Dismissing a general claim or data by citing personal experience as if it overrides broader evidence.

"Works fine for me."

"I've never had that problem, so I'm not sure what you're talking about."

"Sounds like user error. I've been using it for years with zero issues."

"I don't know anyone who's experienced that."

Why It's Unproductive

Personal experience is real data, but it's one data point. Treating "it hasn't happened to me" as proof that a widespread problem doesn't exist shuts down the conversation without engaging with the evidence. It's tempting because lived experience feels more concrete than statistics, and nobody wants to believe something they use, and like, has problems.
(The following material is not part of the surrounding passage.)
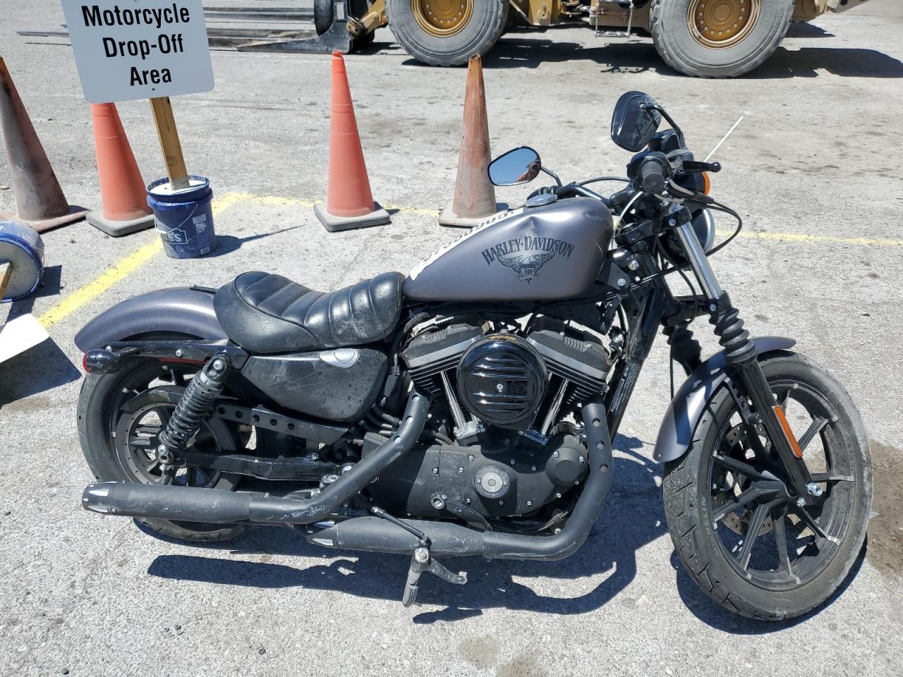 GoodThe 2017 HARLEY-DAVIDSON XL883 IRON, a gray motorcycle, shows signs of cosmetic and body damage. The exterior exhibits moderate visible damage, but the wheels appear to be intact. The interior condition is good, with minor visible damage and wear consistent with its age and mileage. This motorcycle requires some repairs and is drivable.

But it puts the other person in an impossible position: they can't argue with your experience, and you haven't addressed theirs.

The Better Move

Share your experience without using it as a verdict. "That hasn't been my experience, but I'm curious what setup you're on" keeps the door open. Your anecdote and their data can coexist, and the interesting question is usually why the experiences differ.

Why It's Better

Turns a dead end into a useful comparison. Different experiences with the same thing often point to the real answer: maybe it's a platform issue, a configuration difference, or a use-case gap. You only find that out if both sides stay in the conversation.


Examples

OP: "Studies show that open-plan offices reduce face-to-face collaboration by about 70%."
Antipattern: "I work in an open office and our team collaborates all the time. Sounds like a culture problem, not an office problem."
Better: "Interesting. Our open office feels pretty collaborative, but we're a small team. I wonder if the effect scales with company size."
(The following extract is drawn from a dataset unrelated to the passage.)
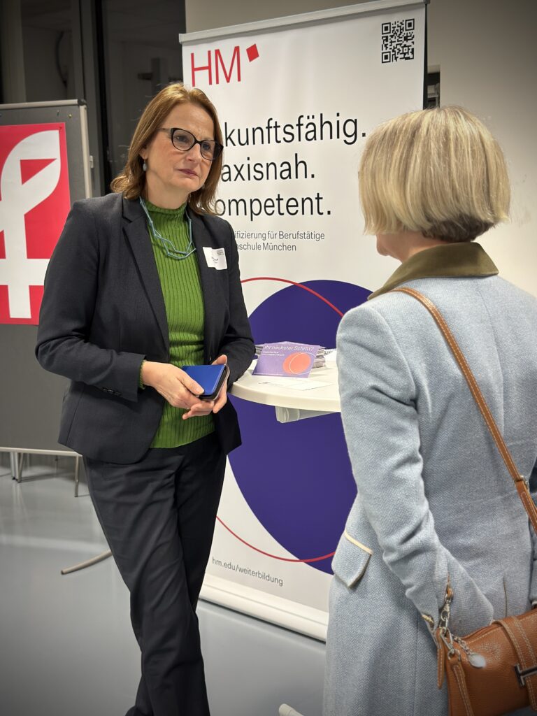 Bedanken möchten wir uns auch für die warme Begrüßung der gastgebenden Hochschule München durch Prof. Dr. Silke Järvenpää, Wissenschaftliche Leitung des Weiterbildungszentrums, den Einblick in den berufsbegleitenden MBA von Prof. Dr. Christina Rothhaar und an die Moderatoren Prof. Dr. Thomas Geiß und Janika Zelmer (BayZiel).

OP: "A lot of users are reporting that the latest update kills battery life on older devices."
Antipattern: "My phone is three years old and battery is fine after the update. People just need to manage their background apps."
Better: "Mine seems okay so far, but I'm on a different model. Are the reports concentrated on specific hardware?"

OP: "Research suggests that code reviews catch significantly more bugs than automated testing alone."
Antipattern: "I've shipped production code for 15 years and our test suite catches everything. Code reviews are a waste of time."
Better: "Our test coverage is pretty good and catches most things, but we've also had reviews catch design issues that tests wouldn't. Probably depends on what you're measuring."